报告人：Dr. Pan Ji
In this talk, I'll present how to formulate convex problems for 3D reconstruction and subspace clustering.
In the first part, we'll revisit the principle of “maximizing rigidity” in structure-from-motion literature, and develop a unified theory which is applicable to both rigid and non-rigid structure reconstruction in a rigidity-agnostic way. We formulate these problems as a convex semi-definite program, imposing constraints that seek to apply the principle of minimizing non-rigidity.
In the second part, I’ll first introduce an important property of subspace clustering, namely subspace self-expressiveness, and discuss how to formulate it as a convex optimization problem. I’ll then talk about how we can approach this problem with deep neural networks in the era of deep learning. Finally, I’ll show how we leverage the subspace constraints to regularize other geometric problems, such as optical flow estimation.

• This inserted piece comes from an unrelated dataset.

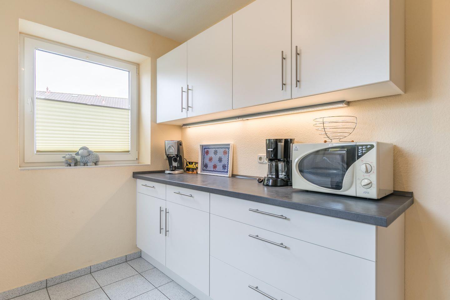Küche: Küche mit Backofen, Geschirrspüler, Wasserkocher, Kaffeemaschine + zusätzliche Tchibo Caffissimo, Essecke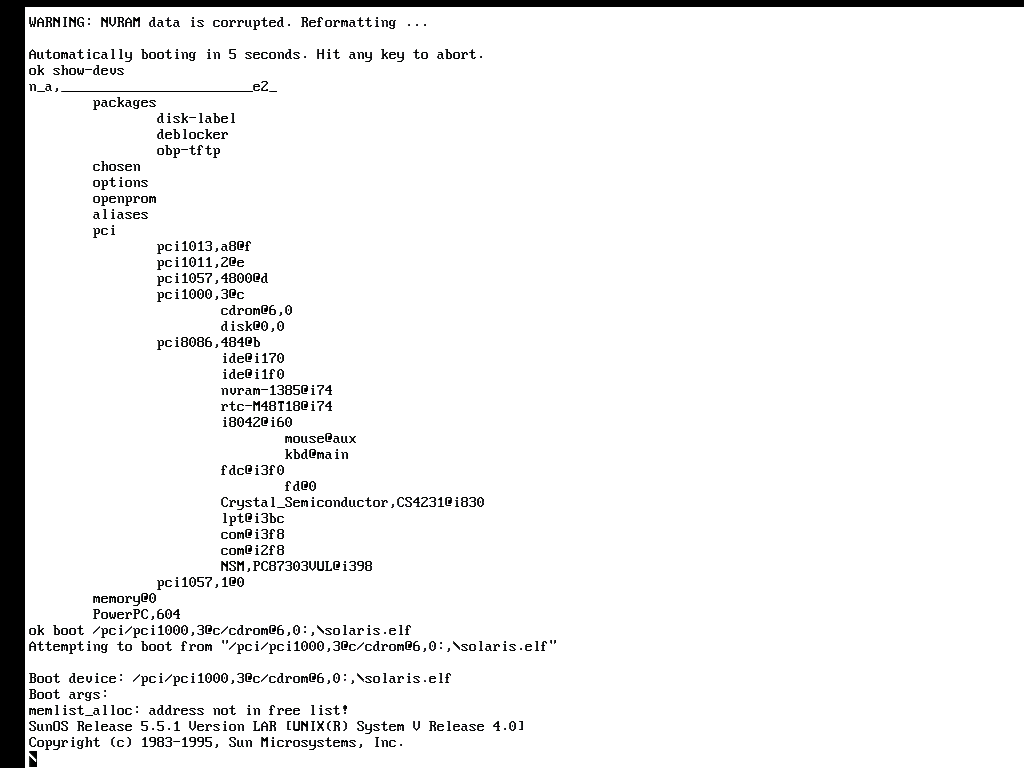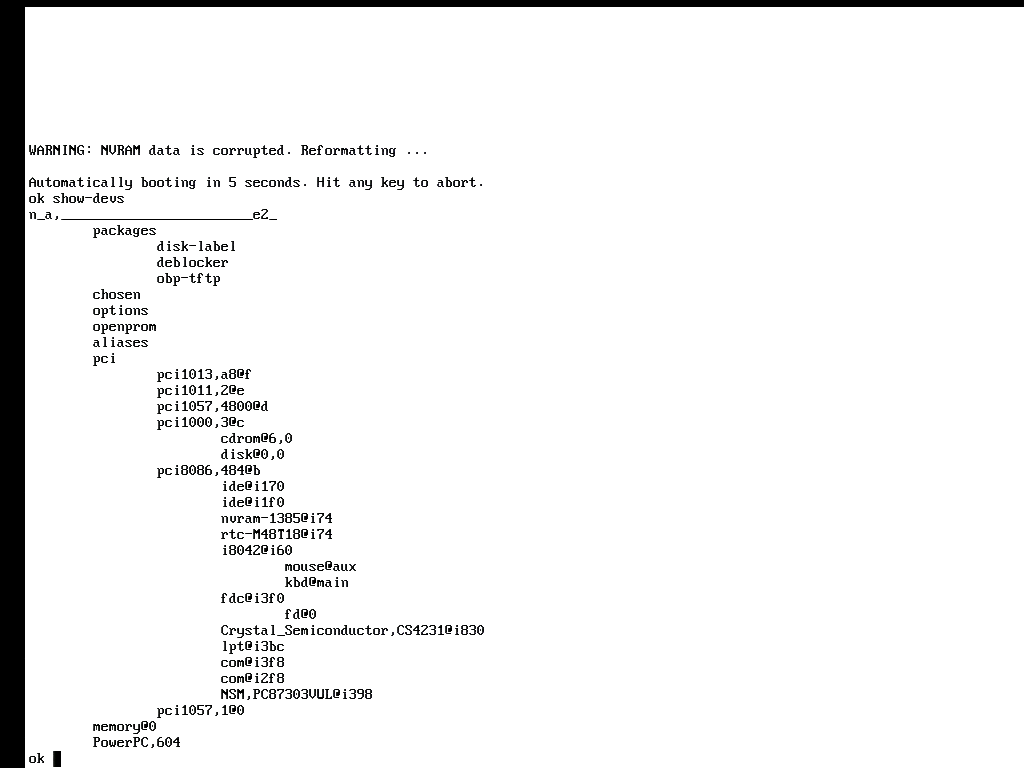 You are now into Sun's Virtual Open Firmware, which supports booting directly from the CD-ROM. Note, that you must press any key within 5 seconds to disable the auto-boot procedure. To list the devices use show-devs at the ok prompt. As you may noticed, VOP (Virtual Open Firmware) doens't detect the board architecture correctly. Sun added official support in VOP 2.0 although I wasn't able to boot from the cd. It could be a part of the unfinished Solaris 2.6/ppc.

Dr. Pan Ji is currently a researcher at NEC Labs America. Before moving to the U.S. in Feb. 2018, he worked as an ARC Senior Research Associate (Post-Doc) with Pro. Ian Reid at the University of Adelaide since Jul. 2016. Prior to that, he was a PhD student of the Australian National University from Jan. 2013 to Jul. 2016, supervised by Pro. Hongdong Li and Dr. Mathieu Salzmann. His research interests lie in computer vision (especially 3D vision) and unsupervised learning (e.g., clustering). He received the Best Student Paper Award at the International Conference on Image Processing (ICIP) 2014, Paris. From Sep. 2011 to Oct. 2012, Pan was a research assistant in the 3DTV Laboratory of Zhejiang University, China. He received his Bachelor's Degree of Engineering with Chu Kochen Honors from Zhejiang University in Jun. 2011.